Types of glandular cancer by cell type:
- mucinous adenocarcinoma - rare, consists of nodes interspersed with mucus (mucin), which makes up the majority of the tumor;
- signet ring cell adenocarcinoma - cancer cells are prone to rapid division, the accumulation of intracellular mucus leads to their deformation;
- squamous cell adenocarcinoma - often recurs, grows into neighboring organs;
- tubular adenocarcinoma is the most common form, characterized by structural proliferation and atypical cell structure.
Reference! Adenocarcinomas form inside and outside the intestine (endophytic and exophytic). An endophytic tumor is sometimes detected by palpating the peritoneum. Internal neoplasm leads to intestinal obstruction.
A little about the intestines and the cells that cause the disease
The human intestine is divided into 2 sections: thin and thick. The connection with the stomach begins with the subtle. There are:
Here the maximum number of enzymes is located, the breakdown and absorption of nutrients is carried out. Everything needed is absorbed into the blood. The large intestine ensures the accumulation and reabsorption of water, the formation of a mass of toxins, and their removal from the body. He shares:
- to the cecum with a vermiform appendix (appendix);
- colon with four parts (ascending, transverse colon, descending, sigmoid and rectus).

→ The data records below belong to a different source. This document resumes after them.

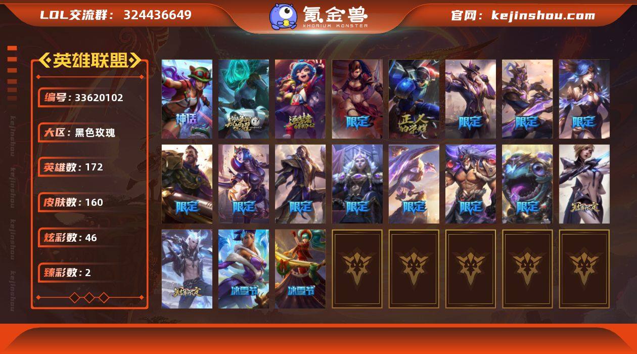 黄金段位-172英雄-160皮肤-46炫彩-0终极-3神话-23限定-20传说-37史诗 【神话皮肤】:十周年纪念安妮,源代码乐芙兰,十五周年纪念希维尔 【臻彩皮肤】:冠军之刃锐雯2016凯旋圣装,魔女阿卡丽虚荣 【年限皮肤】:定海神珍孙悟空 【冰雪限定】:阿木木“主人不要我了”,平安夜女神娑娜,冬季仙境卡尔玛 【限定皮肤】:iG菲奥娜,EDG佛耶戈,T1纳尔,T1永恩,暗裔英雄盖伦,胜利枪神格雷福斯,胜利女神奥莉安娜,胜利枪神卢锡安,胜利女神瑟庄妮,胜利凤凰艾尼维亚,胜利之王泰达米尔,胜利巨口克格莫,胜利女神娑娜,胜利剑圣易,胜利之运崔斯特,胜利女神菲奥娜,女猎手希维尔,防暴天使凯尔 【传说皮肤】:铁哥们儿奥拉夫,魔幻卡牌崔斯特,邪鸦魅影乐芙兰,战场女武神凯尔,源计划林易,恶魔男爵瑞兹,霸天零式赛恩,提莫约德尔人的一大步,烈焰雄心崔丝塔娜,合金巨兽努努和威朗普,绅士科加斯,律政大亨蒙多,最终BOSS维迦,战斗学院凯特琳,苹果机器人布里茨,炼狱魔犬内瑟斯,星之守护者阿卡丽,宇航员诺提勒斯,泳池派对吉格斯,西部魔影卢锡安 【史诗皮肤】:摄魂男爵弗拉基米尔,铁钩船长费德提克,圣光审判凯尔,战争机器赛恩,紫晶射手艾希,百夫长贾克斯,贵族血统...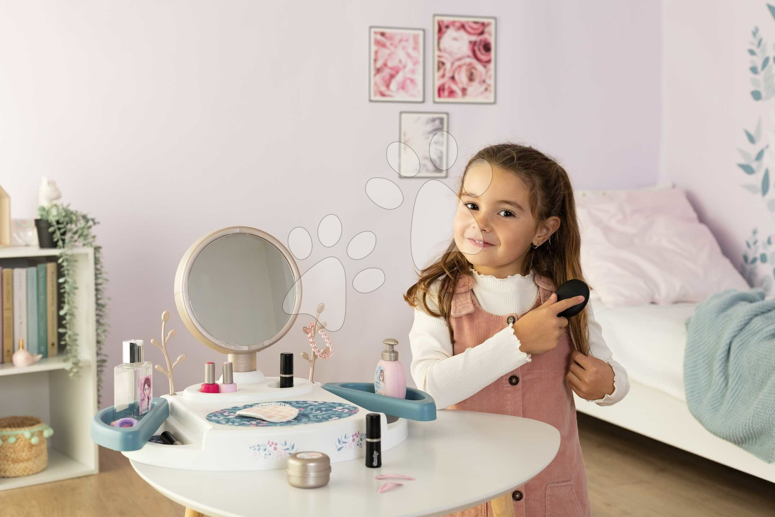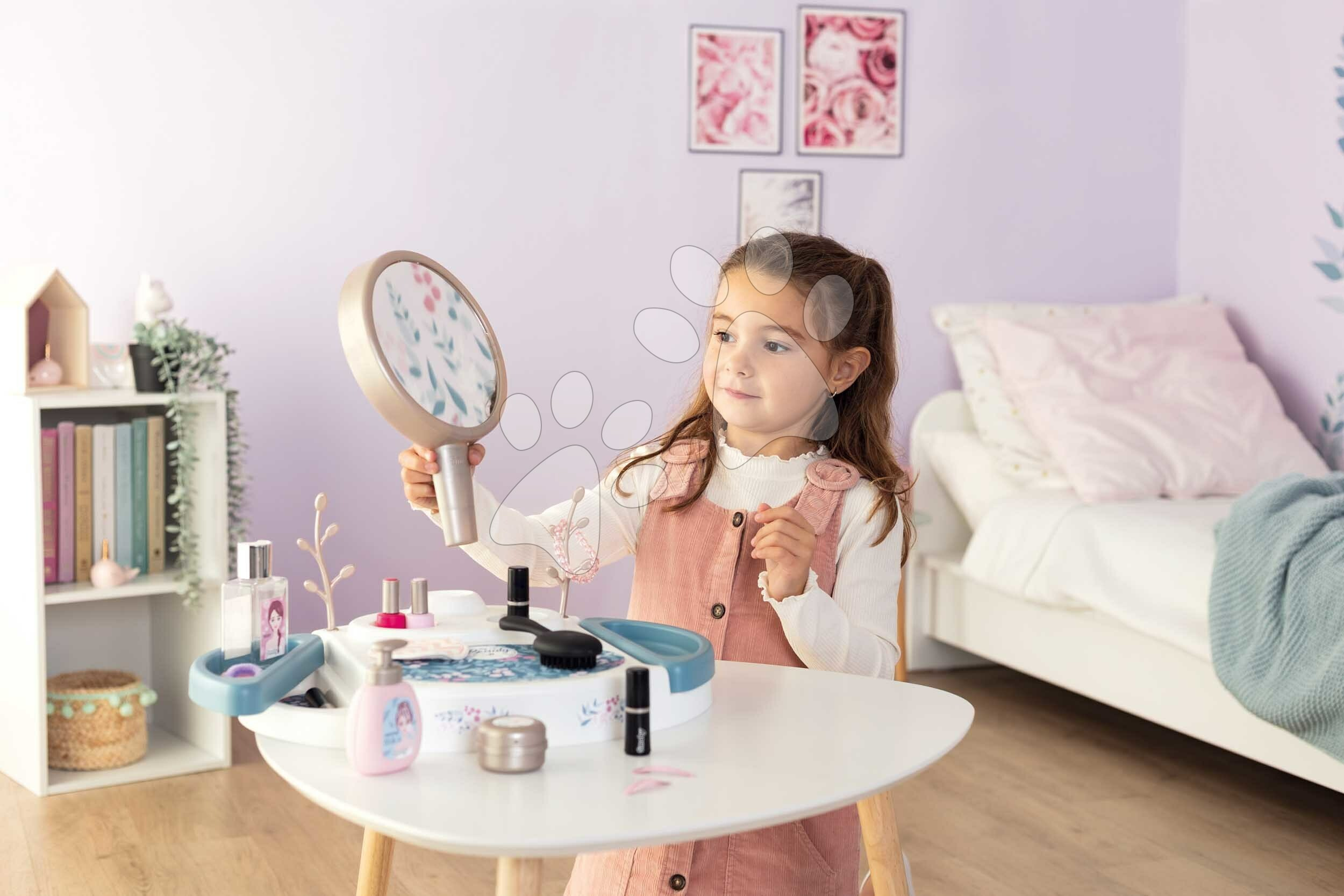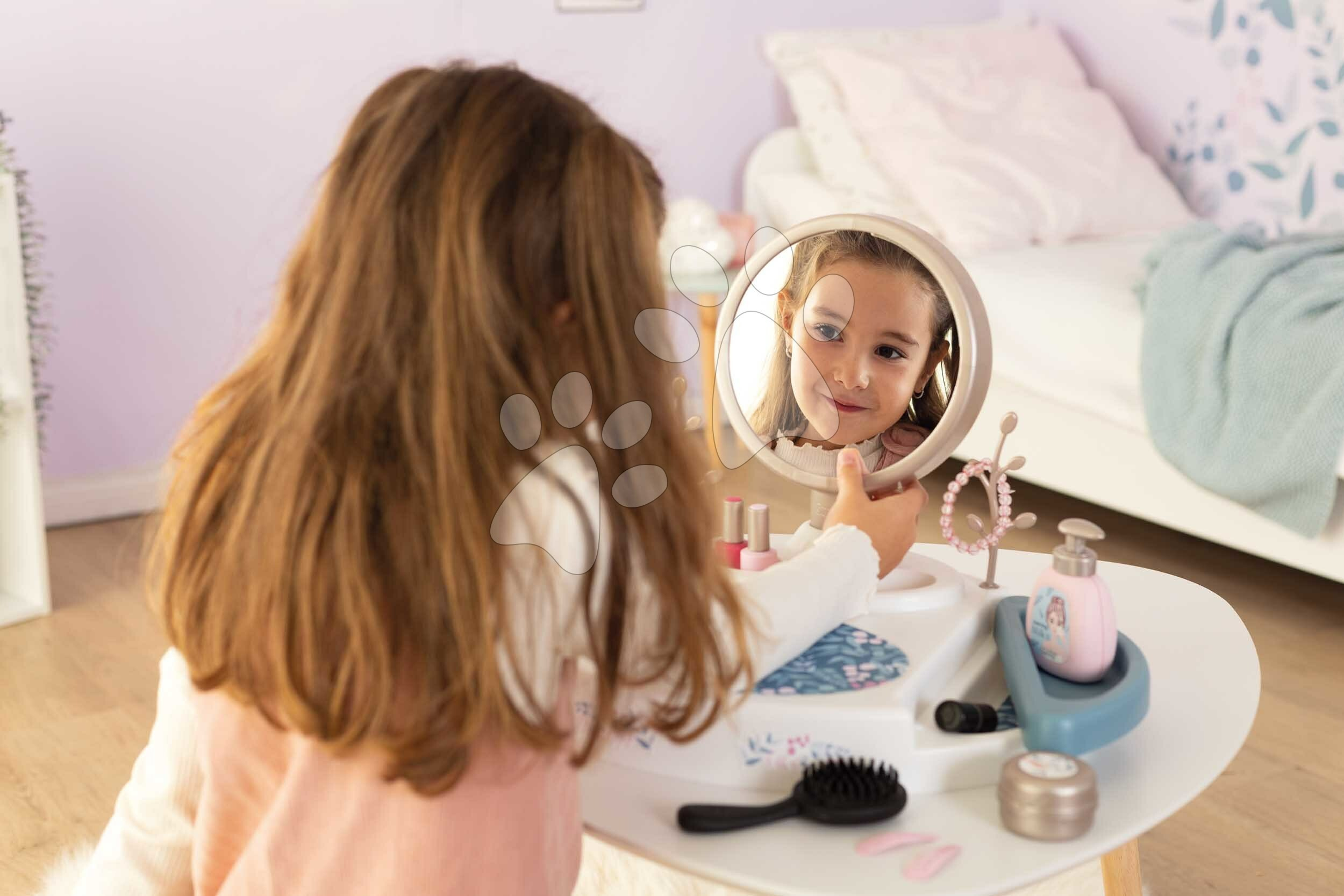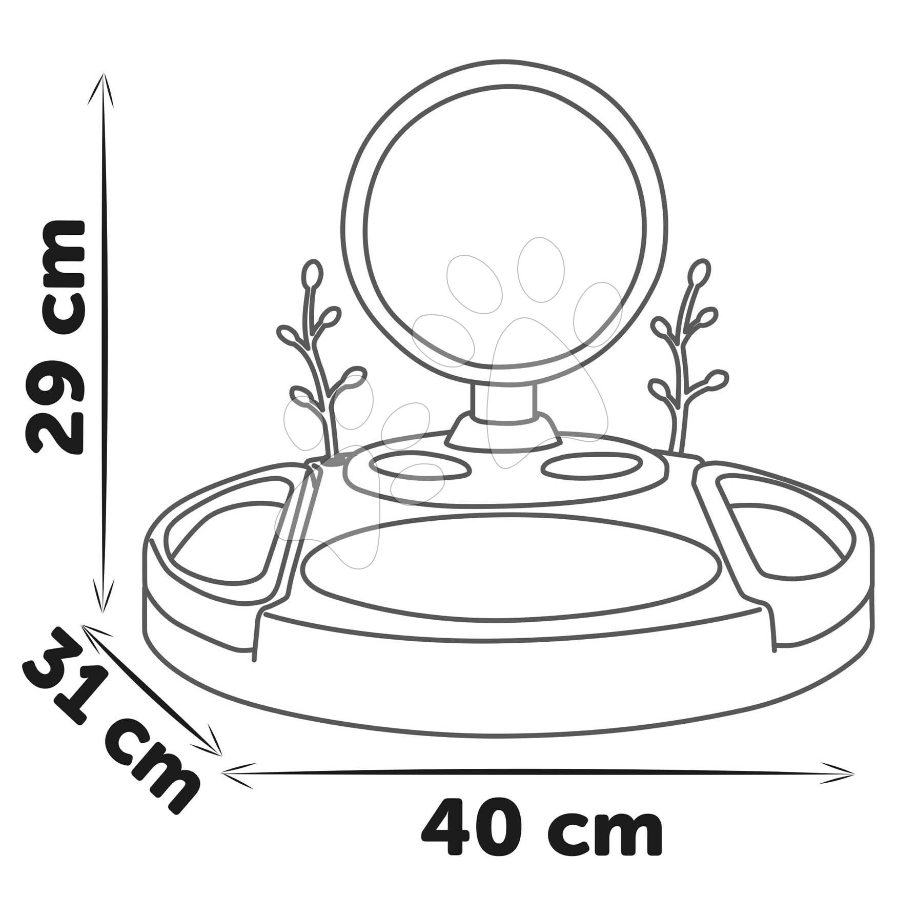 Stolek je vybaven dostatkem úložného prostoru, doplňky lze odkládat do otevíratelných přihrádek po stranách stolku a vedle zrcadla jsou stromečky, na které si holčičky zavěsí své oblíbené šperky. Kosmetický stolek se vyznačuje prvotřídní kvalitou, je vyroben z pevných plastů s jemným povrchem. Holčičky si budou moci v zrcadle dosyta poohlížet svůj odraz, starat se o vlásky a s kamarádkami si zahrají hru na povolání kosmetiček, čímž se přibližují světu dospělých a rozvíjejí si komunikační schopnosti. Také si zlepšují jemnou motoriku a získávají cit pro estetiku. Rozměry stolku jsou 40*31*29 cm.
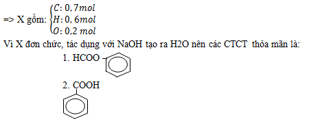 Đốt cháy hoàn toàn 12,2 gam hợp chất hữu cơ X (có chứa vòng benzen) bằng một lượng O2 vừa đủ, sau phản ứng thu được 15,68 lít khí CO2 (đktc) , 5,4 gam H2O ( Không có sản phẩm khác).X là hợp chất hữu cơ đơn chức tác dụng với dung dịch NaOH trong điều kiện thích hợp sản phẩm có tạo ra H2O.Số công thức cấu tạo của X thỏa mãn tính chất trên là: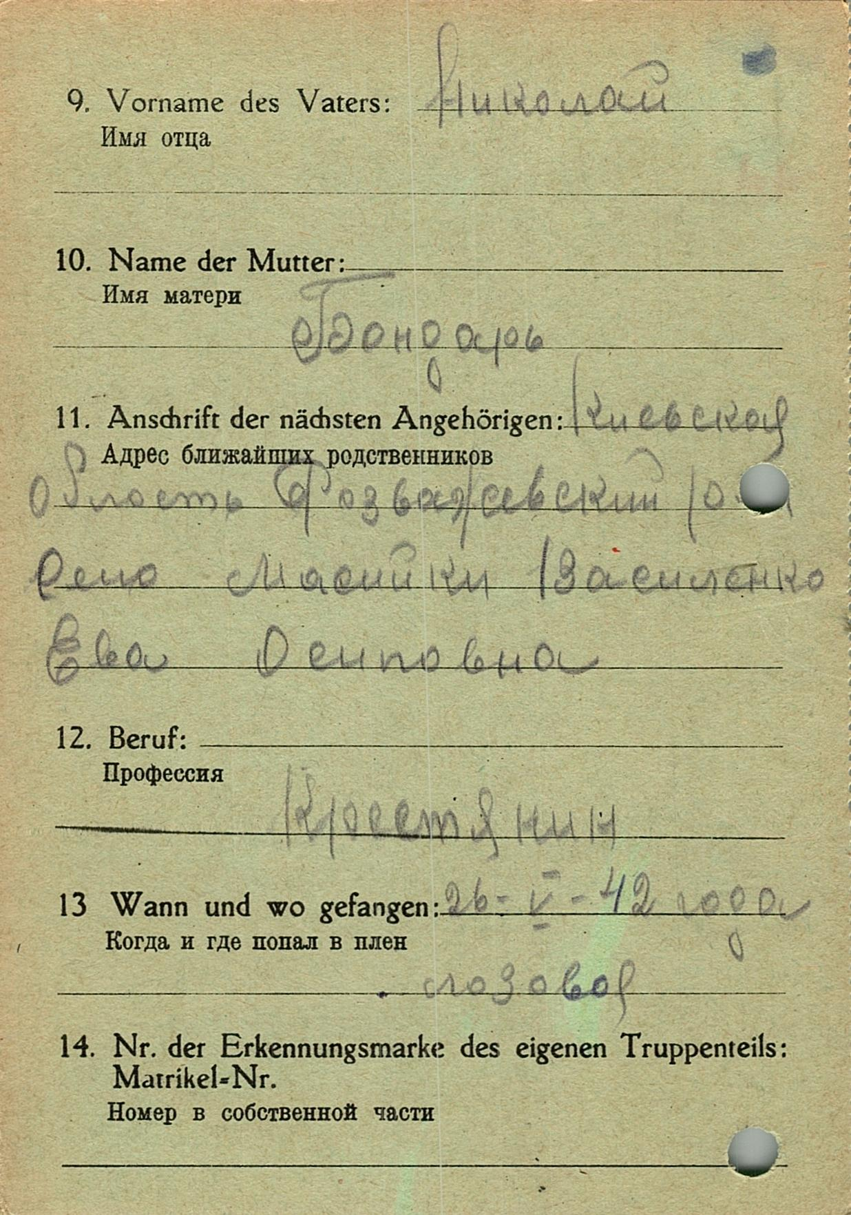 Военнопленные, трофейные карточки. Киевская обл.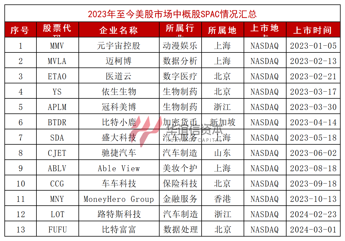 根据华谊信资本统计:去年至今共有13家中概股企业通过SPAC登陆美股市场。2023年,共有48家中企(含华人创立)登陆美股市场,其中有11家企业采用SPAC方式实现上市,占比高达23%,较2022年出现小幅增长,累计募资6.3亿美元,是自2022年SPAC热潮暂退后的又一次反弹。另外,今年有2家中概股企业成功SPAC上市,分别是路特斯科技和比特富富,合计募集资金约8.24亿美元。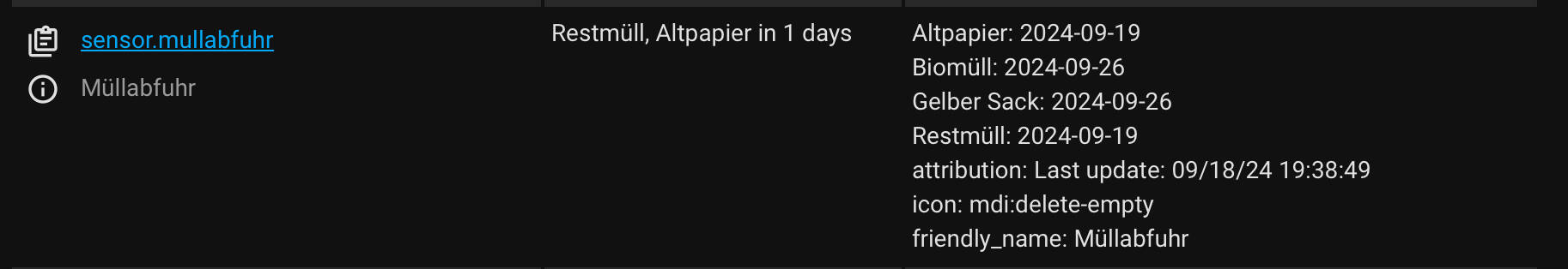 @el_honi Hi! Kannst du bitte einen Screenshot von der Entität posten, also wie die Attribute da aussehen, wenn 2 Müllarten abgeholt werden?

The final segment is the rectal ampulla, anal canal and anus. Glandular cells are located on the mucous membrane of all parts. They are wedged between the epithelium and are absent at the tips of the villi. In total, they constitute up to 9.5% of the cellular composition of the small intestinal mucosa, the concentration increases as it approaches the thick section. They differ from their neighbors in their ability to produce mucus, which is necessary to protect the wall from passing feces.
After secretion is released into the intestines, they again become prismatic. Malignant degeneration is characterized at first by slow growth into the intestine (endophytic growth) or outward (exophytic), then by a rapid transition to metastasis through the vessels to the nearest lymph nodes, lungs, liver and other organs.
The most severe course is observed at a young age. This is explained by anatomical changes in blood vessels in people over 40 years of age: the lumen decreases, the activity of transferring metastases is less pronounced. And up to 30 years of age, the intestine has a pronounced vascular and lymphatic network, which provides a high risk of metastasis.